For collections/datasets we need at least the following metadata:
- Globally unique URI identifier
- Contact person, email
- Data quality (see Data quality section of this documentation)
In addition, the following can be defined:
- Citation recommendation
- Special terms for data use
- Data embargo period (years): If you want the public version of the data to not be usable in full detail for a period of time, this can be defined in the metadata.
- Person(s) responsible for handling data requests about this dataset.
- Taxonomic coverage
- Temporal coverage
- Geographical coverage
- Coverage basis (more detailed, for example "Winter birds of Finland")
- Data quality description
- Type (one of https://schema.laji.fi/alt/MY.collectionTypes)
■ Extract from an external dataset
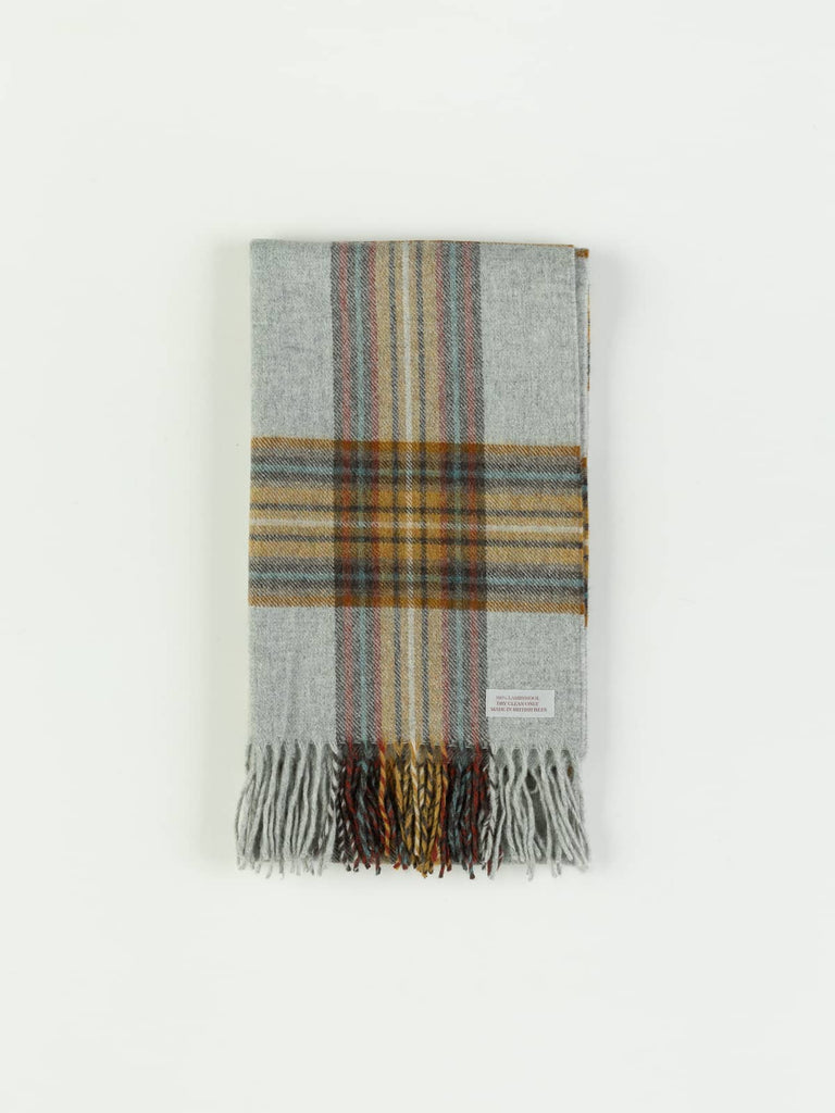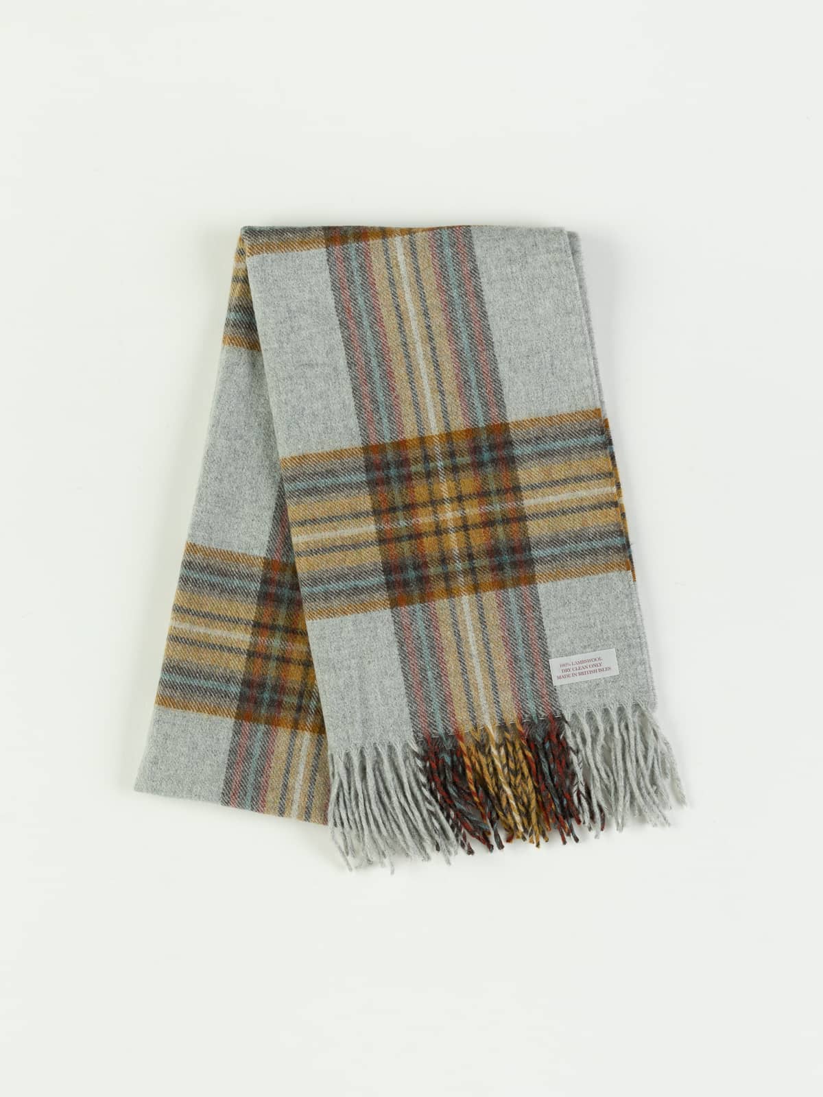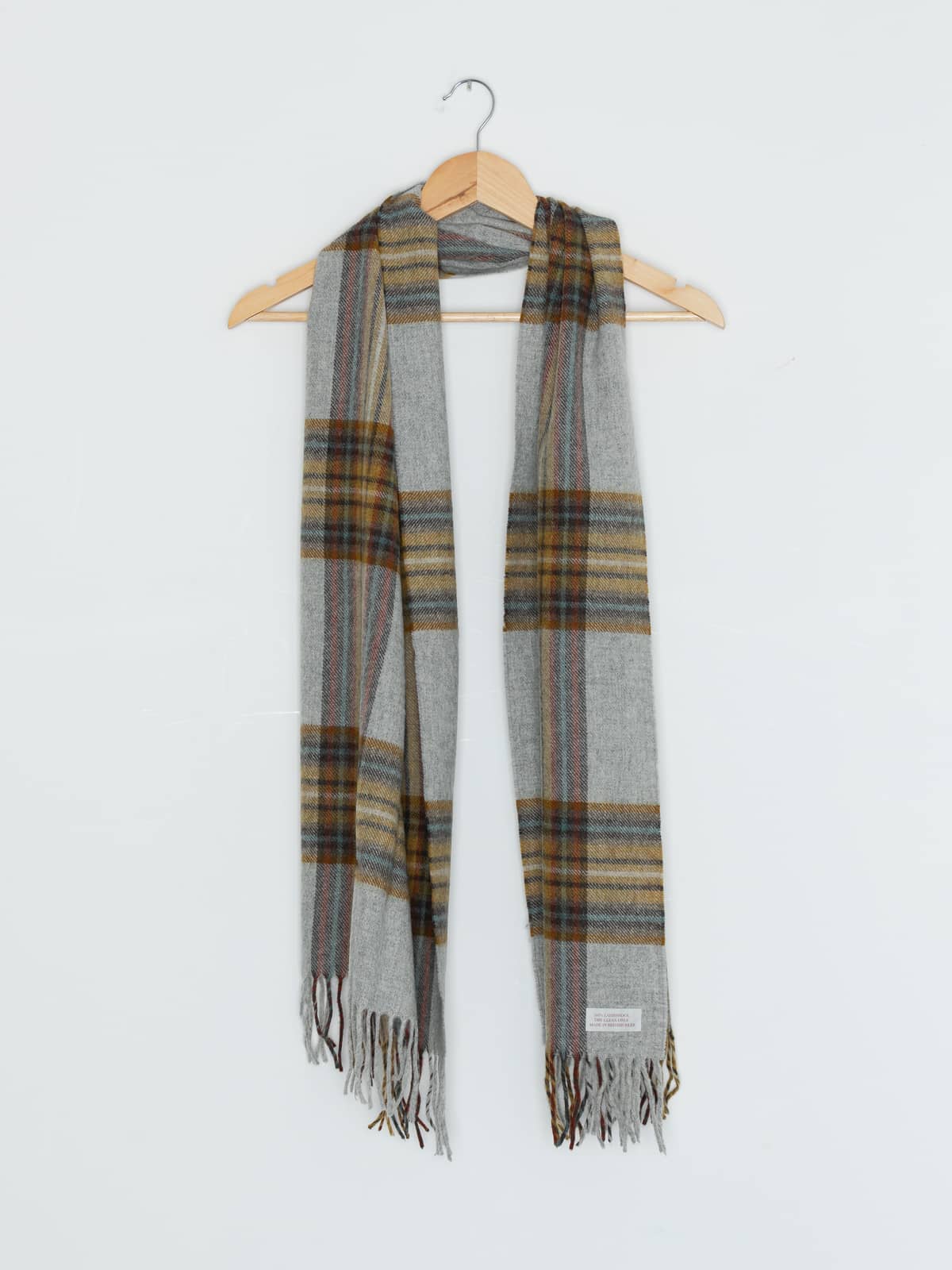 This scarf evokes a frost-kissed forest, with a misted grey melange base like early morning fog over woodland paths. Golden autumn ochre brings warmth, while accents of canary brown, iced blue, and bark brown reflect the subtle colours of frozen leaves and icy streams. Woven in soft Merino, it wraps you in serene, understated elegance.

- Methods (such as census methods, tools, ...)
- % digitized (if some parts still for example in paper format)
- Location of data and backups
- Language (of the data)
- Url (to additional information)
Each document, gathering, unit, etc needs a globally unique URI identifier. If the original source does not provide URI identifiers, we must define how FinBIF generates the identifiers. For example we can use the identifier of the source and then add the identifier of the occurrence after it to form the identifier.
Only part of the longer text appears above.